Thursday 26 February 2015

Tips on water intake



  • Instead of working water diet techniques into your daily routine to lose weight, consider following a water fast. Although water fasts can be controversial and even dangerous when not carefully monitored, many people who have tried a water fast claim it is helpful in flushing toxins from the body, regulating the digestive tract, restoring energy, and jumpstarting significant weight loss. Proper water balance in the human body is essential to the flow of electrolytes across cell boundaries, circulation of oxygen and nutrients in the blood, flushing out waste and toxins through the liver and kidneys, regulating the digestive tract, and regulating body temperature. Without sufficient hydration, the body’s tissues, cells, and organs are not able to function appropriately and may inhibit weight loss. Severe dehydration can cause organ failure and death. Staying properly hydrated with water is essential to good health and simple weight loss.
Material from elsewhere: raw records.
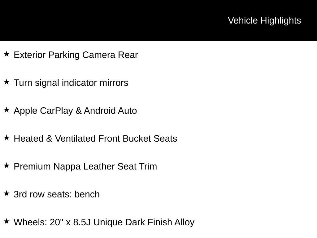- Wheels: 20" x 8.5J Unique Dark Finish Alloy
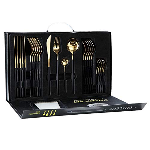 rismart Rostfritt stål 24 delar Bestickset Silversaker Bordsservis inklusive Tabell Knivar Skedar Gafflar Guld Svart
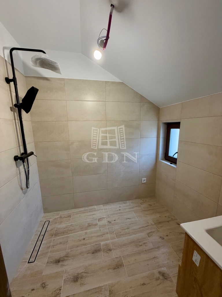 Az emeleti szinten két hálószoba, egy fürdőszoba és egy erkély található, már elektromos redőnyökkel felszerelve.
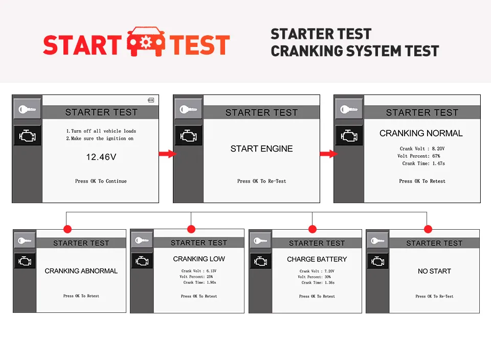 1. Извлечение информации о транспортном средстве (VIN, CIN и CVN) 2. Печать данных через ПК 3. Возможность диагностики 12 В зарядных систем, пусковых систем и состояния разряженной батареи 4. Легко читаемый AVOmeter позволяет проверить напряжение, непрерывность и ток на кончике пальца 5. Особенности уникального запатентованного ключа готовности I/M для быстрой проверки готовности к выбросам и проверки цикла привода 6. Обеспечивает быстрое и точное тестирование без нагрузки большинства типов батарей 12 В, включая AGM, стандартные и сервисные батареи 7. Яркие цветные светодиоды и встроенный динамик обеспечивают визуальный и звуковой тон для проверки готовности 8. Легко определяет причину проверки света двигателя (MIL) 9. Извлечение общих (P0, P2, P3 и U0), кодов конкретного производителя (P1, P3 и U1) и ожидаемых кодов 10. Отключает контрольный свет двигателя (MIL), очищает коды и сбрасывает мониторы 11. Отображает состояние готовности монитора и I/M (выбросов) 12. Считывает текущие PCM datastream, данные тестирования датчика O2, данные о замораживании кадров 13. Данные графиков (1996 и более новые) 14. Советы по кодам устранения неполадок помогут техникам быстрее устранить неисправность, экономя время диагностики и ремонта 15. Резервное копирование памяти/батареи для обзора и анализа данных вне транспортного средства
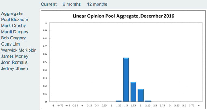 A year out, the Shadow Board members’ confidence that the cash rate should be held steady equals 17 percent (18 percent in November), while the confidence in a required cash rate decrease fell four percentage points to 6% and the confidence in a required cash rate increase equals 77 percent (72 percent in November).
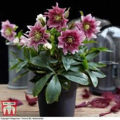 Freckled pink double blooms with elegant pointed petals make for an eye-catching show during the early season. Hellebore ‘Hello Amber’ is easy to grow and low maintenance, thriving in most conditions including sun or partial shade, but it’s happiest in a dappled shade position where it’ll blend in comfortably with a woodland-style planting scheme. Evergreen palm-shaped leaves provide texture to a planting space throughout the year, also acting as a compact ground cover. Produces multiple blooms from January onwards which not only act as a highlight in the spring garden, they’re also a valuable source of nectar for bumblebees. Height: 35cm (14″). Spread: 35cm (14″).
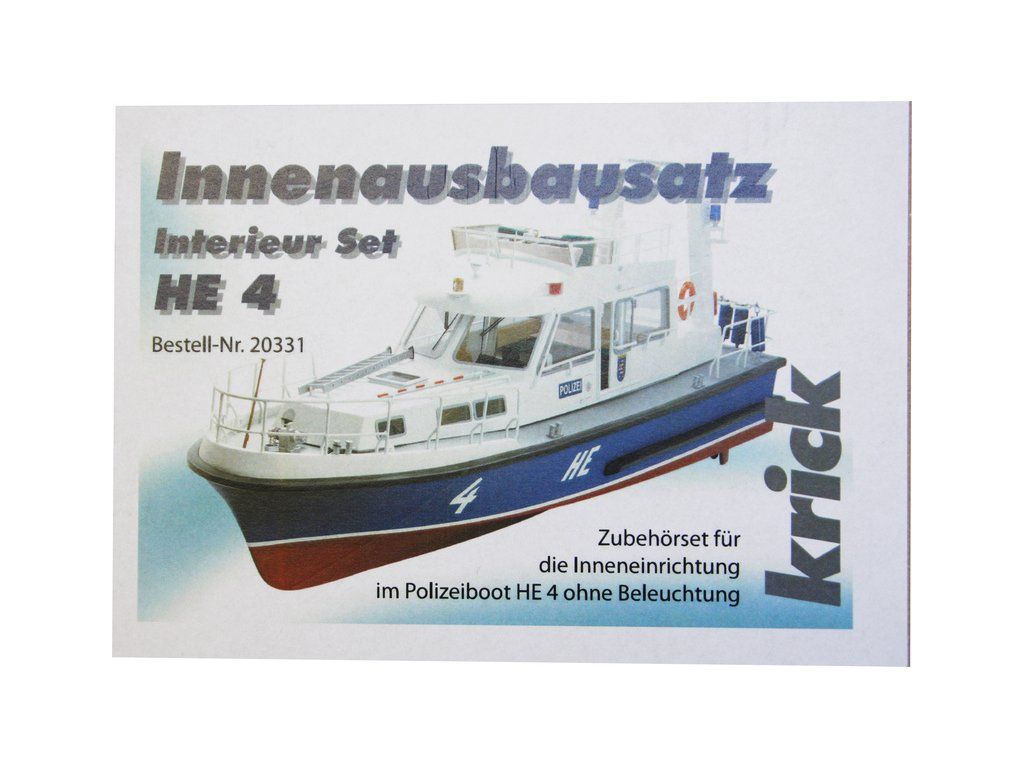 Sada maketových dílů vnitřní vestavby trupu modelu lodi Krick Policejní člun HE 4. Sada obsahuje laserem vypálené plastové a překližkové díky, maketové doplňky a lanoví.
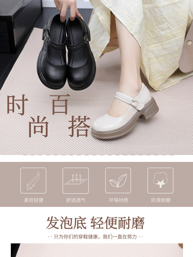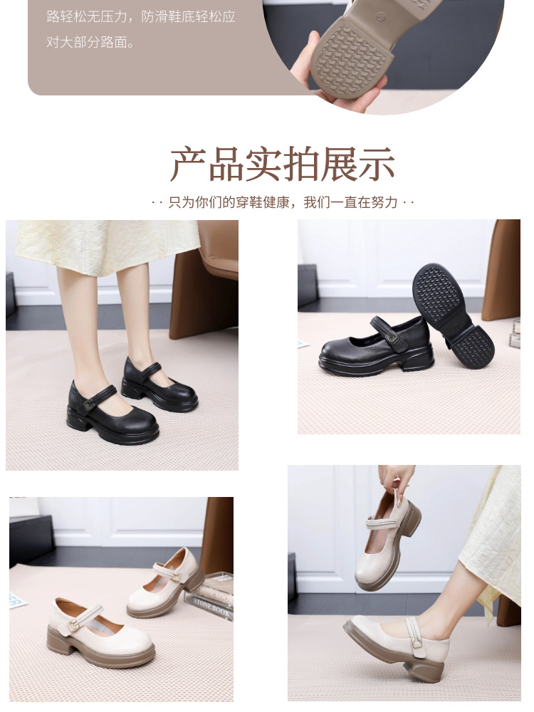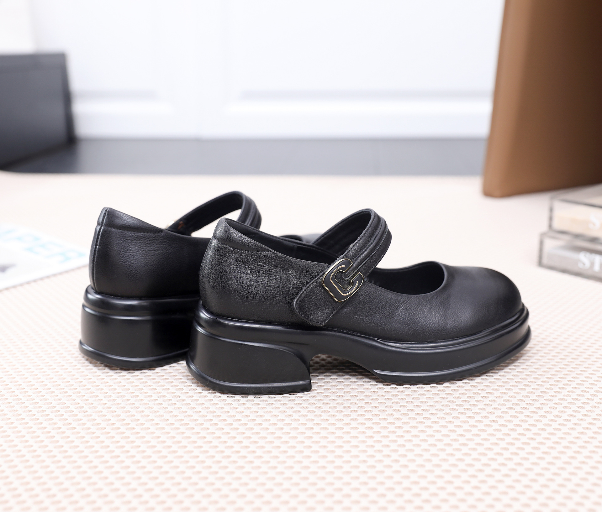 2024 새로운 두꺼운 가죽 신발 여성 플랫폼 플러스 사이즈 청키 한 힐 로퍼 로우 컷 Mary Jane 여성 신발스토어 가기
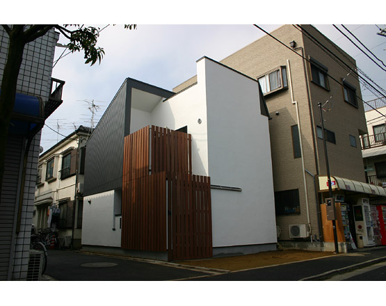 建築面積10坪の狭小住宅にもかかわらず、駐車スペース、玄関前の庭、2階テラス、屋上……と、プライバシーを確保しつつも外部との関わりをもつ空間によって全体を構成しました。白と黒の明解な外観とは対照的に、内部は珪藻土の塗壁と木を基本にしたあたたかく落着いた空間になっています。階段の途中に設けた書斎など、小さな工夫や遊び心にもあふれています。

  • Alternatively, you can follow a Water Diet that emphasizes significant increases in water intake without necessarily requiring exercise or food changes to lose weight. Although these diets can be risky if you do not have sufficient mineral and electrolyte intake, they are otherwise free and easy to follow. For some people, they can result in significant weight loss.
  • If you are an endurance athlete, ask a health professional about appropriate quantities of water to drink during exercise; he or she may recommend alternating water with a sports drink containing electrolytes.
  • Increasing water intake or water dieting will be most effective at boosting weight loss when combined with an exercise plan and a healthy, balanced diet.
  • Research has demonstrated that relative and absolute increases in the amount of water drunk each day can improve weight loss results among dieters. Try increasing your daily water intake to meet or slightly exceed recommended daily amounts. Typical daily water intake recommendations are 3.7 liters (1.0 US gal) per day for adult men and 2.7 liters (0.7 US gal) per day for adult women, from all sources (drinking water, other beverages, and foods).